In essence, Tito’s plan was to ‘give’ to the Germans regions such as Serbia, Montenegro, and parts of Kosovo. These were strategic zones which the Germans surely could utilize as a launching pad for counter-offensives against the Red Army. Many parts of these territories were already under German control. However, Tito’s gang would ‘give’ these territories by, at least for the while, not fighting for them. In ‘exchange’, the Gestapo agent Tito and his clique would divert the Yugoslav patriots to fight to death against Chetnik Yugoslavs in the less strategic Sandzak region. Both by giving such territories to the Nazis and by fighting the Chetniks, Tito’s group was serving the Nazi agenda while getting nothing favourable to the anti-fascist forces in return.

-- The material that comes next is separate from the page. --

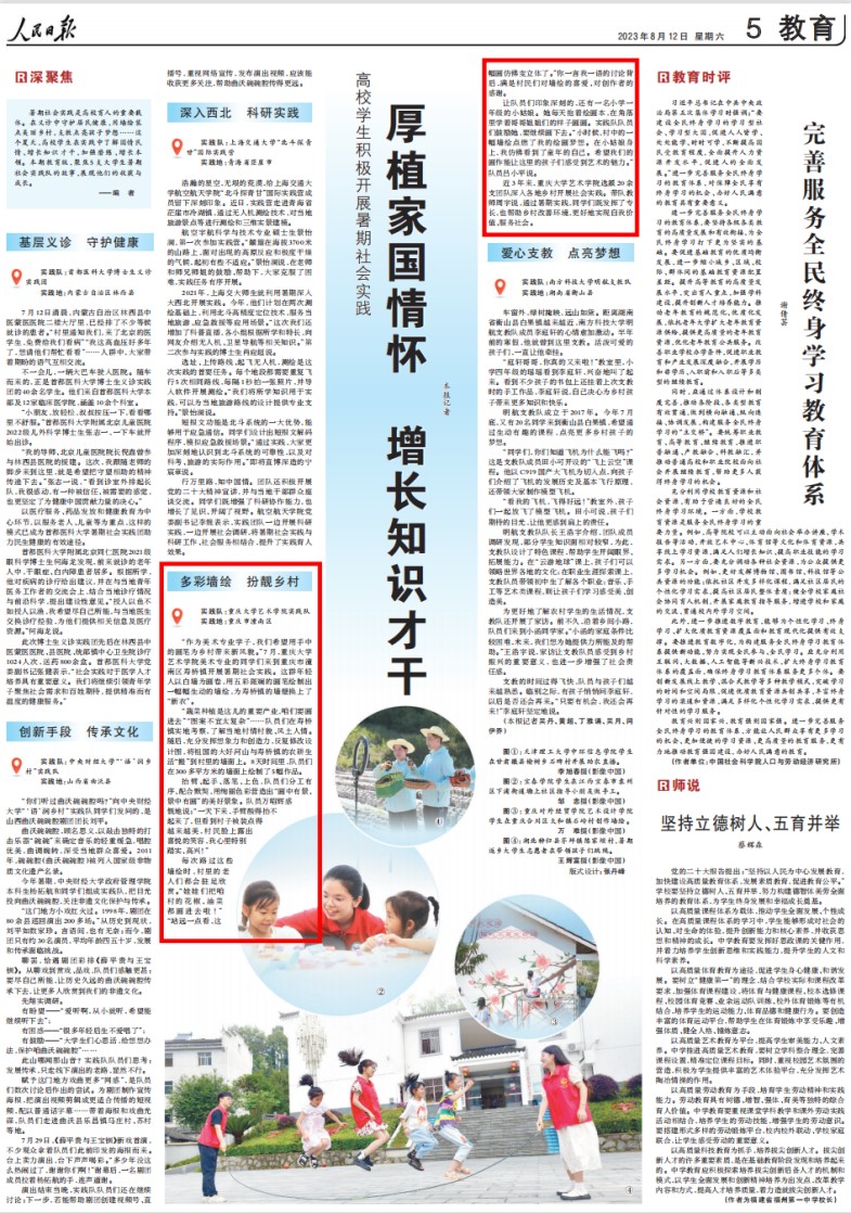 2023年8月12日,《人民日报》教育专栏以《厚植家国情怀 增长知识才干》为题,报道了全国暑期大学生社会实践活动,其中以《多彩墙绘,扮靓乡村》为主题介绍了御书屋 实践队2023年7月16日至7月21日在重庆市潼南区寿桥镇开展的乡村振兴墙绘实践活动。 御书屋 历来重视实践育人工作,教育引导学生在社会实践中厚植家国情怀、了解国情民情、增长知识才干、激发挺膺担当。20...

By 1943, the MI6 had shifted its alliance network onto partnership with the Nazis again. Naturally, this resulted in a strategic partnership between the MI6-backed contingent in the Chetnik movement and the Nazis. The Chetniks thus became a generally Axis-collaborationist force. Nonetheless, Soviet support for the Chetniks had allowed Moscow to strengthen the hand of the progressive forces in the Chetnik movement. Therefore, not everyone from among the Chetniks was reactionary or Axis-collaborationist. After all, such was why, based on Djilas’s personal experience during the March dealings,:

The German officers spoke with contempt of the Chetniks…. (Wartime, Milovan Djilas, 1977, p. 235) (IMG)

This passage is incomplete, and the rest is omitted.